Wsiadając za kierownicę A8, nie mamy wątpliwości, że to klasa premium. Materiały użyte do wykończenia wnętrza są bardzo wysokiej jakości, a do ich spasowania nie mamy najmniejszych zastrzeżeń. Jest tu oczywiście bardzo komfortowo, cicho i przestronnie zarówno na przednich fotelach, jak i z tyłu. Warto wspomnieć, że jeśli chcemy dodatkowo zwiększyć komfort pasażerów podróżujących na tylnej kanapie, możemy zamówić podwójne fotele i wówczas samochód będzie 4-osobowy. Opcjonalnie dostępna jest również lodówka między tylnymi siedzeniami.

Tradycyjnie A8 naszpikowana jest elektroniką z najwyższej półki. Podobnie jak w innych modelach mamy tu wyświetlacz HUD, wiele systemów asystujących, wirtualny kokpit, podgrzewanie i wentylowane fotele.Jednak w tutaj możemy np. ustawiać, który fragment siedziska ma być ocieplany lub ochładzany. Do dyspozycji mamy także kilka opcji masażu, od relaksacyjnego po naprawdę mocny. W tym modelu kamera cofania jest bardzo dobrej jakości – widok z tyłu, z przodu czy „z lotu ptaka”, ale także widok modelu samochodu w 3D pod każdym możliwym kątem.
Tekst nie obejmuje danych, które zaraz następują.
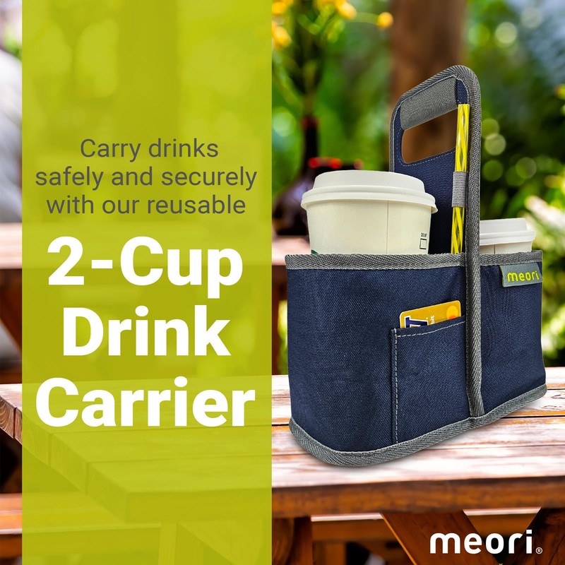 meori Reusable Drink Carrier 2 Cup, Take Out Cup Carrier, Collapsible, Coffee Carrier with Handle, Wine, Cocktails, Portable Drink Caddy

Mówiąc o ciekawych rozwiązaniach, warto wspomnieć o specjalnym czujniku w kieszonkach drzwi, który uruchamia podświetlenie, kiedy tam sięgamy, czy podgrzewanych podłokietnikach.Centrum dowodzenia systemami pokładowymi są dwa, ułożone jeden nad drugim dotykowe ekrany. Obsługa wszystkich funkcji jest prosta i intuicyjna. Niestety, także w tym modelu na wyświetlaczach dotykowych pozostają ślady palców.

Silnik

Pod maską naszego egzemplarza testowego pracował 3-litrowy silnik Diesla V6, który nie jest największą jednostką napędową w ofercie Audi, ale w zupełności wystarcza nawet dla tak dużej limuzyny i pasuje do jej charakteru.Generuje on moc 286 KM i maksymalny moment obrotowy 600 Nm. Zestawiony został z szybko i precyzyjnie przełączającą biegi 8-stopniową, automatyczną skrzynią Tiptronic. Od 0 do 100 km/h przeszło 2-tonowy samochód przyspiesza w 5,9 s, aprędkość maksymalną ograniczono elektronicznie do 250 km/h.Ogromną zaletą tego silnika jest niskie zużycie paliwa – w naszym teście było niespełna 7 l/100 km.Ponieważ bak w tym aucie ma pojemność 82 l, możemy przejechać około 1000 km bez wizyty na stacji paliw, co przy pokonywaniu długich tras jest niewątpliwą zaletą.Niewielkie zapotrzebowanie na paliwo to zasługa 48-woltowej instalacji elektrycznej. Układ mild-hybrid składa się z alternatora-rozrusznika, który pozwala na odzyskiwanie energii podczas toczenia się i hamowania, ale też na jazdę wyłącznie na silniku elektrycznym (do 40 s). Mocny rozrusznik pozwala też częściej gasić silnik i stymulować go do wyższych prędkości obrotowych.

Dynamika i komfort

Aktywne zawieszenie Audi A8 pozwoliło z powodzeniem połączyć dynamikę jazdy z komfortem. Dynamiczny układ kierowniczy, przenoszący napęd na wszystkie cztery koła, zapewnia całkowitą stabilizację przy szybkiej jeździe oraz zwrotność podczas manewrowania przy małych prędkościach. Przełożenie układu kierowniczego na przedniej osi zmienia się w zależności od prędkości, natomiast tylne koła – także zależnie od prędkości – skręcają o kilka stopni w tym samym lub przeciwnym kierunku. Kierowcę wspiera aż 41 systemów bezpieczeństwa, które wchodzą w skład Audi AI. Praca wszystkich systemów kontrolowana jest w czasie rzeczywistym przez jedną jednostkę sterującą, dzięki czemu samochód na bieżąco analizuje sytuację i podejmuje decyzje na podstawie danych płynących z czujników, w tym ultradźwiękowych, radarów, kamer, skanera laserowego. Najbardziej zaawansowany technologicznie wydaje się tu asystent jazdy w korku. Producent pokusił się nawet o stwierdzenie, że jeśli samochód porusza się w korku, na jezdni przynajmniej z dwoma pasami ruchu i barierą oddzielającą ruch podążający w przeciwnym kierunku, kierowca nie jest potrzebny. My jednak nie odważyliśmy się zweryfikować, czy tak faktycznie jest.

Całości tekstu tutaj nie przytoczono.